'Systematic' Infringement

Microsoft, OpenAI GenAI Copying of NYT Content 'Not Fair Use,' Says NYT Complaint

December 28, 2023 by Paul Gluckman|Top News

Microsoft and OpenAI generative AI (GenAI) tools rely on large-language models (LLMs) “that were built by copying and using” millions of the New York Times’ copyrighted news articles, in violation of the Copyright Act, the Digital Millennium Copyright Act and other statutes, alleged the New York Times Co.’s' complaint Wednesday (docket 1:23-cv-11195) in U.S. District Court for Southern New York in Manhattan.

Through Microsoft’s Bing Chat and OpenAI’s ChatGPT, the two companies “seek to free-ride” on the NYT’s “massive investment in its journalism by using it to build substitutive products without permission or payment,” said the seven-count, 69-page infringement complaint. It seeks a permanent injunction, plus statutory and compensatory damages and restitution. Susman Godfrey and Rothwell Figg are representing the NYT. Bing Chat recently rebranded as Copilot.

Microsoft and OpenAI “have refused to recognize” U.S. copyright protections in the law and the Constitution, said the complaint. Their GenAI tools can generate output that “recites” NYT content verbatim, “closely summarizes it, and mimics its expressive style, as demonstrated by scores of examples,” it said.

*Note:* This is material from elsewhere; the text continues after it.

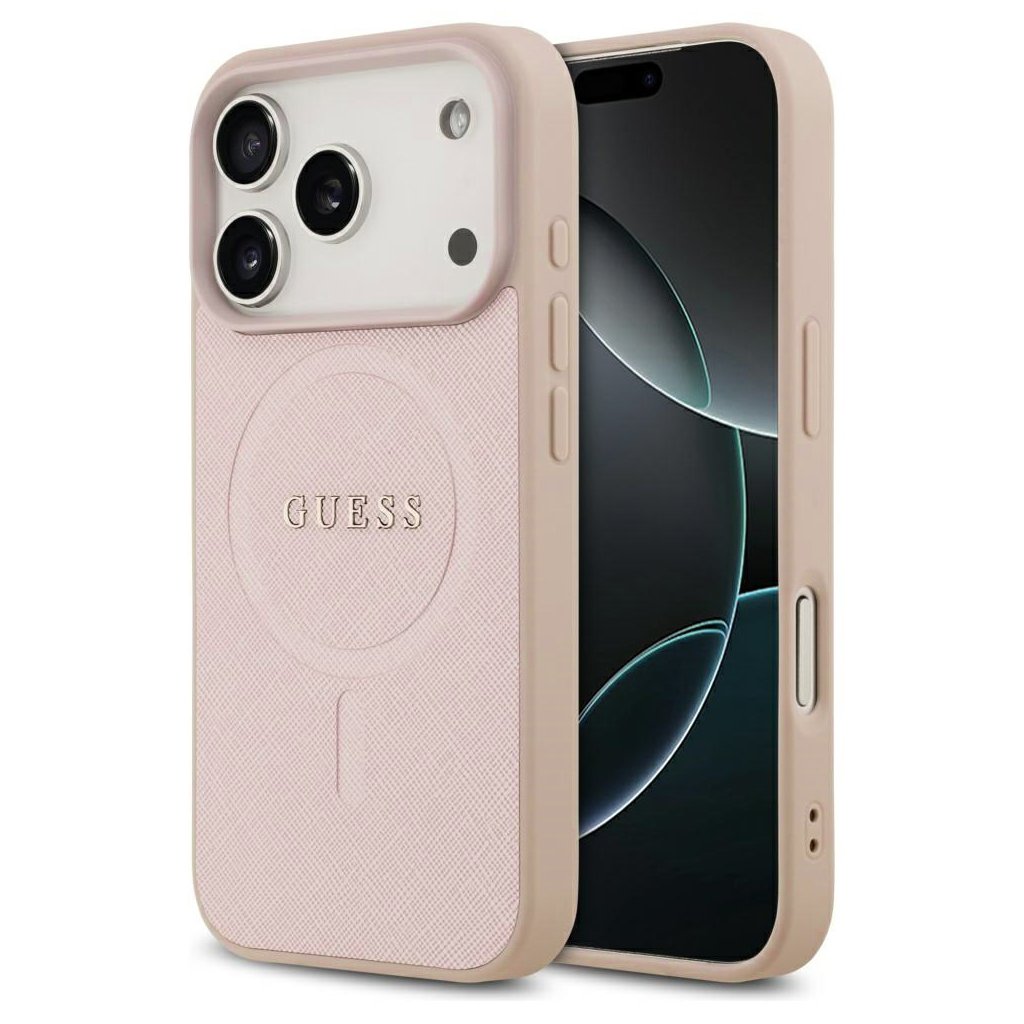 * **Typ produktu:** Ochranné puzdro na mobilný telefón * **Značka:** Guess * **Kolekcia:** Saffiano Classic Logo * **Farba:** Ružová * **Materiál:** Imitácia Saffiano kože (textúrovaný povrch) * **Funkcia:** Kompatibilné s technológiou MagSafe * **Dizajn:** Elegantný s vyrazeným logom Guess * **Určené pre model telefónu:** iPhone 17 Pro Max * **Kód produktu:** GUHMP17XPSAHMCPDodatočné parametre

Using valuable intellectual property in these ways without paying for it “has been extremely lucrative” for Microsoft and OpenAI, said the complaint. Microsoft’s deployment of NYT-trained LLMs throughout its product line “helped boost its market capitalization by a trillion dollars in the past year alone,” it said. OpenAI’s release of ChatGPT “has driven its valuation to as high as $90 billion,” it added.

Microsoft and OpenAI didn’t immediately comment. News/Media Alliance President-CEO Danielle Coffey hailed the complaint, saying it demonstrates “the value of quality journalism to AI developers.” Quality journalism and GenAI can complement each other “if approached collaboratively,” but using journalism without permission or payment “is unlawful, and certainly not fair use,” Coffey said.

The New York Times Co. objected after discovering that Microsoft and OpenAI were using NYT content “without permission to develop their models and tools,” said the complaint. For months, the plaintiff tried reaching a negotiated agreement with the defendants, “in accordance with its history of working productively” with large tech platforms “to permit the use of its content in new digital products," it said.

The company's goal during these negotiations “was to ensure it received fair value for the use of its content, facilitate the continuation of a healthy news ecosystem, and help develop GenAI technology in a responsible way that benefits society and supports a well-informed public,” said the complaint. The negotiations haven’t led to a resolution, it added.

Previously, Microsoft and OpenAI defended their conduct as protected fair use on grounds that their unlicensed use of copyrighted content to train GenAI models serves a new “transformative” purpose, said the complaint. But there’s nothing transformative about using NYT content without payment to create products that substitute for the NYT “and steal audiences away from it,” it said.

The output of GenAI models from Microsoft and OpenAI “compete with and closely mimic the inputs used to train them,” said the complaint. Copying NYT works for that purpose “is not fair use.”

The law doesn’t permit “the kind of systematic and competitive infringement” that Microsoft and OpenAI have committed, said the complaint. “This action seeks to hold them responsible for the billions of dollars in statutory and actual damages that they owe” for unlawful copying and use of the NYT’s “uniquely valuable works,” it said.